Geunhee Lee
works
about
Retirement Goal UX
Retirement Goal UX
2023
what I did

UX Research

Project Management

with

Jihee Kim

Sanghyun Kwon

more
How users understand AI-supported retirement planning and what makes goal-setting, rebalancing, and portfolio information feel actionable

This project evaluated a retirement investment service concept that used goal-based investing and AI-supported consulting to help users plan and manage retirement assets. Through in-depth interviews, prototype-based usability testing, observation, and card sorting, we explored how users interpreted goal achievement probability, retirement income targets, rebalancing guidance, and portfolio information. The findings clarified where the proposed experience improved comprehension, where users still felt uncertain, and what kinds of information were needed to make retirement planning feel more concrete and manageable.

Process

We began by framing the service around a difficult user problem: retirement planning requires long-term thinking, but many users struggle to translate abstract future goals into concrete investment actions. The research focused on how users understand goal-based investing, how they respond to AI-supported consulting, and what information helps them feel confident enough to adjust or manage their retirement portfolio.

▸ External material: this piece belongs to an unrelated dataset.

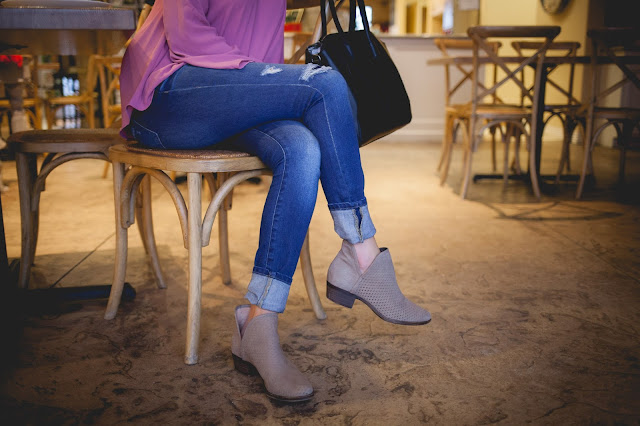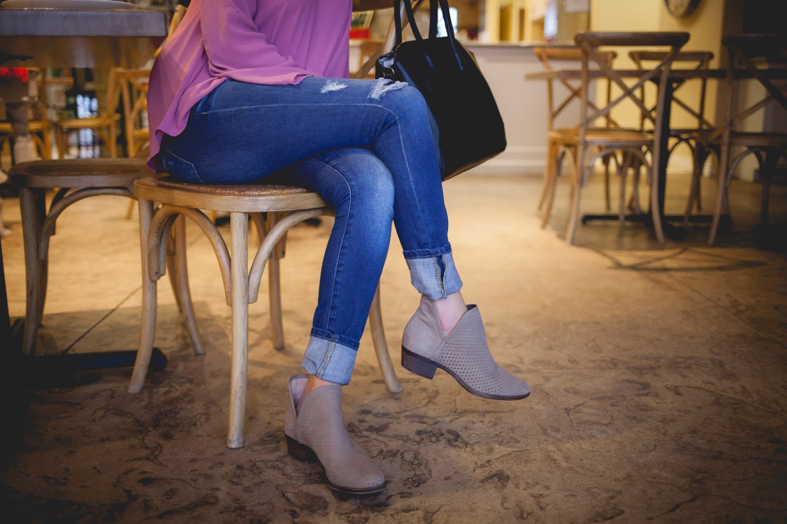 top [true to size, wearing in small] // jeans [size down if in between // booties [true to size, wearing in brindle leather // purse

This phase helped us define the core evaluation areas for the study. We needed to understand whether the proposed service concept explained its value clearly, whether users could interpret goal achievement probability, and whether rebalancing guidance felt like meaningful support rather than another complex investment task.

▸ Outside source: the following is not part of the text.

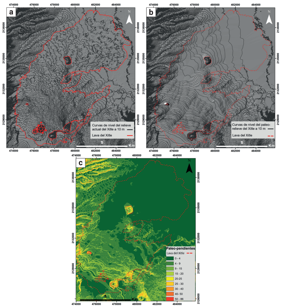 A partir de datos LiDAR (Light Detection And Ranging) de INEGI, en el programa SIG ArcGIS 10.4 se construyó un Modelo Digital de Elevación para obtener el relieve actual de la zona cono del volcán Xitle y sus derrames de lava con una resolución de 5 m. Se construyeron manualmente las curvas de nivel cada 10 m con el propósito de eliminar el efecto de los derrames de lava del volcán Xitle de la topografía actual y reconstruir el relieve preexistente (paleo-relieve). Esto se realizó modificando los vértices de las curvas de nivel siguiendo la topografía de los depósitos de los volcanes pre-Xitle.

We conducted in-depth interviews and usability testing with retirement account holders in their 30s and 40s. Participants interacted with both the existing and proposed service flows, allowing us to observe how they understood the concept, interpreted key screens, and moved through goal-setting and investment-management tasks.

The testing showed that the proposed version improved overall satisfaction and service explanation compared with the existing experience. However, users often changed default values after selecting a goal, struggled to estimate large retirement target amounts, and needed clearer connections between monthly expected income, target amount, contribution amount, and future portfolio management.

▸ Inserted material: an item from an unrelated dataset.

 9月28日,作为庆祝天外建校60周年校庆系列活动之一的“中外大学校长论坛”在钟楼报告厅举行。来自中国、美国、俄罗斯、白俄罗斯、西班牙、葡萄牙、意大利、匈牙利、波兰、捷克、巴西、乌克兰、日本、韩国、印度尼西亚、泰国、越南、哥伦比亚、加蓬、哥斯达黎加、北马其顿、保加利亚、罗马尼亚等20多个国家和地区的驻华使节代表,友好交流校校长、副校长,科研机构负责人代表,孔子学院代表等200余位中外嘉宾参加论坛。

We analyzed interview observations and card sorting results to understand which information users considered important when making retirement investment decisions. Users paid close attention to concrete, comparable information such as risk level, return, fees, goal achievement probability, and portfolio changes.

The research also showed that different users needed different levels of detail. Low-engagement users were more interested in being guided and managed, while high-engagement users wanted to inspect returns, product choices, and rebalancing logic more closely. This made it clear that the experience needed to support both quick understanding and deeper verification.

We translated the findings into service principles for making retirement investment planning easier to understand and act on. The service needed to explain goal achievement probability in plain terms, connect retirement targets to monthly income expectations, and show how changes in contribution amount, retirement age, or portfolio strategy would affect the user’s plan.

The final direction emphasized guided decision-making rather than full automation. AI-supported consulting could help users interpret options, monitor changes, and understand when rebalancing may be needed, but the experience still had to preserve clarity, control, and confidence at each decision point.